Publication year - 2006
Publication title -
water resources research
Language(s) - English
Resource type - Journals
SCImago Journal Rank - 1.863
H-Index - 217
eISSN - 1944-7973
pISSN - 0043-1397
DOI - 10.1029/2006wr005097
Subject(s) - ground penetrating radar , water content , layering , remote sensing , optics , radar , inversion (geology) , frequency domain , surface wave , environmental science , materials science , geology , physics , engineering , mathematics , geotechnical engineering , telecommunications , paleontology , mathematical analysis , botany , structural basin , biology
We analyze the common surface reflection and full‐wave inversion methods to retrieve the soil surface dielectric permittivity and correlated water content from air‐launched ground‐penetrating radar (GPR) measurements. In the full‐wave approach, antenna effects are filtered out from the raw radar data in the frequency domain, and full‐wave inversion is performed in the time domain, on a time window focused on the surface reflection. Synthetic experiments are performed to investigate the most critical hypotheses on which both techniques rely, namely, the negligible effects of the soil electric conductivity ( σ ) and layering. In the frequency range 1–2 GHz we show that for σ > 0.1 Sm −1 , significant errors are made on the estimated parameters, e.g., an absolute error of 0.10 in water content may be observed for σ = 1 Sm −1 . This threshold is more stringent with decreasing frequency. Contrasting surface layering may proportionally lead to significant errors when the thickness of the surface layer is close to one fourth the wavelength in the medium, which corresponds to the depth resolution. Absolute errors may be >0.10 in water content for large contrasts. Yet we show that full‐wave inversion presents valuable advantages compared to the common surface reflection method. First, filtering antenna effects may prevent absolute errors >0.04 in water content, depending of the antenna height. Second, the critical reference measurements above a perfect electric conductor (PEC) are not required, and the height of the antenna does not need to be known a priori.
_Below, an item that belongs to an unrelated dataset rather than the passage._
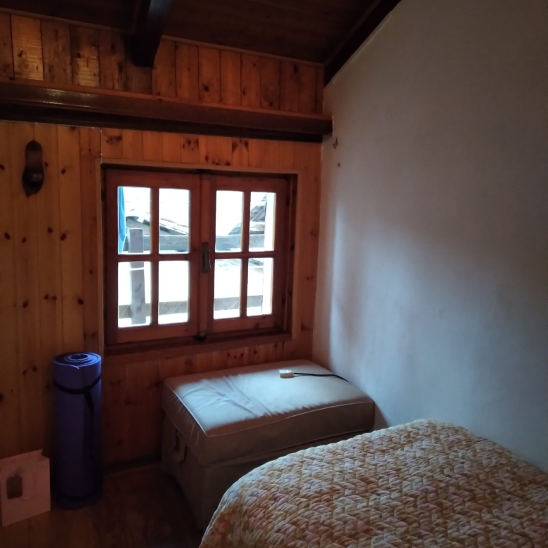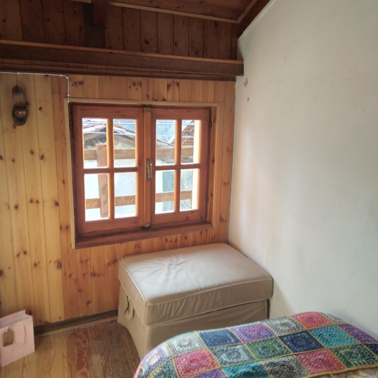 The double bedroom faces the narrow streets where the alpine cows can be heard passing with their cowbells. All the furniture is built in. The mattress was bought seven months ago.
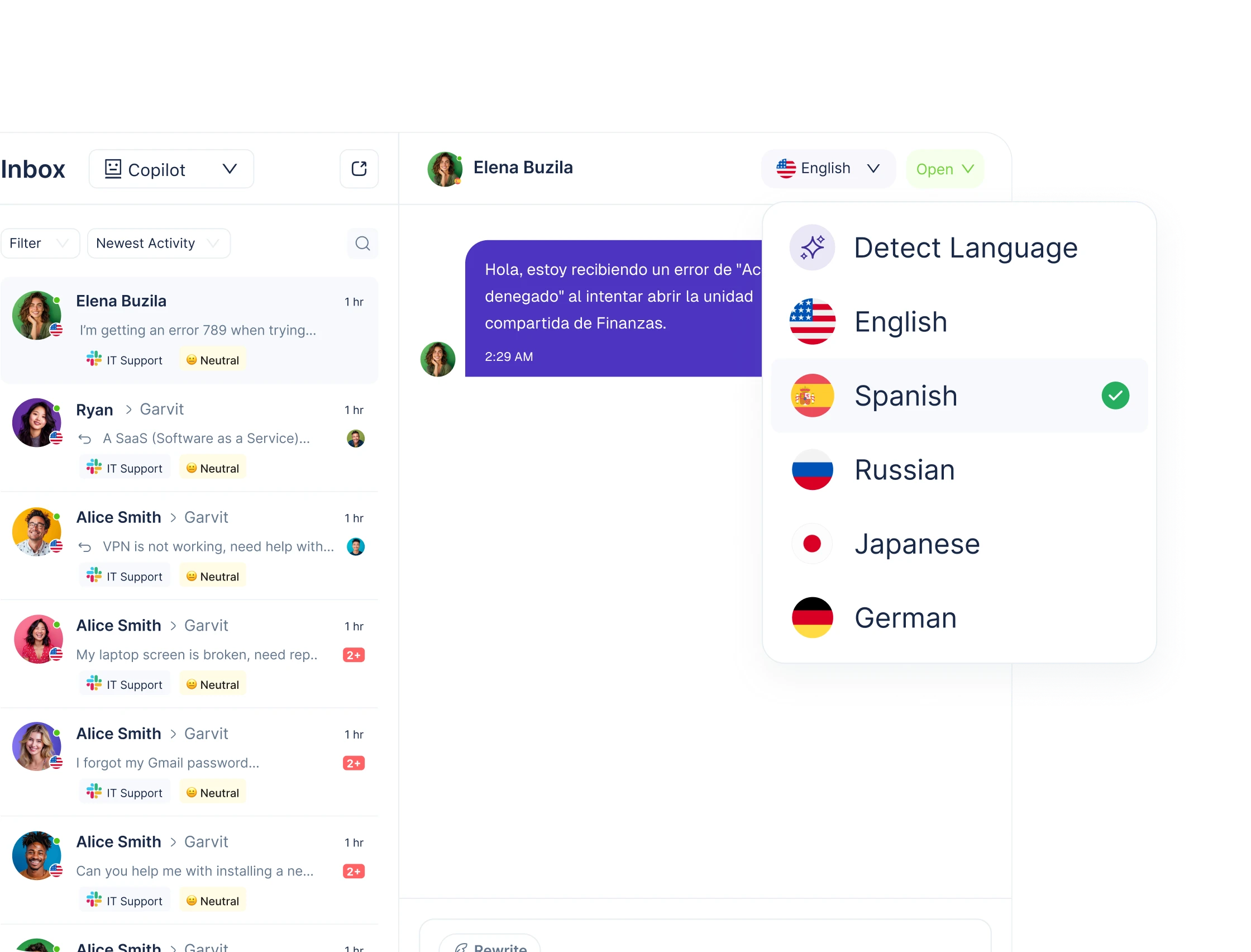 Agents see messages in their language, while customers reply in theirs, ensuring seamless communication without language barriers.

This averts absolute errors of 0.02–0.09 in water content when antenna height differences of 1–5 cm occur between the soil and the PEC. A laboratory experiment is finally presented to analyze the stability of the estimates with respect to actual measurement and modeling errors. While the conditions were particularly well suited for applying the common reflection method, better results were obtained using full‐wave inversion.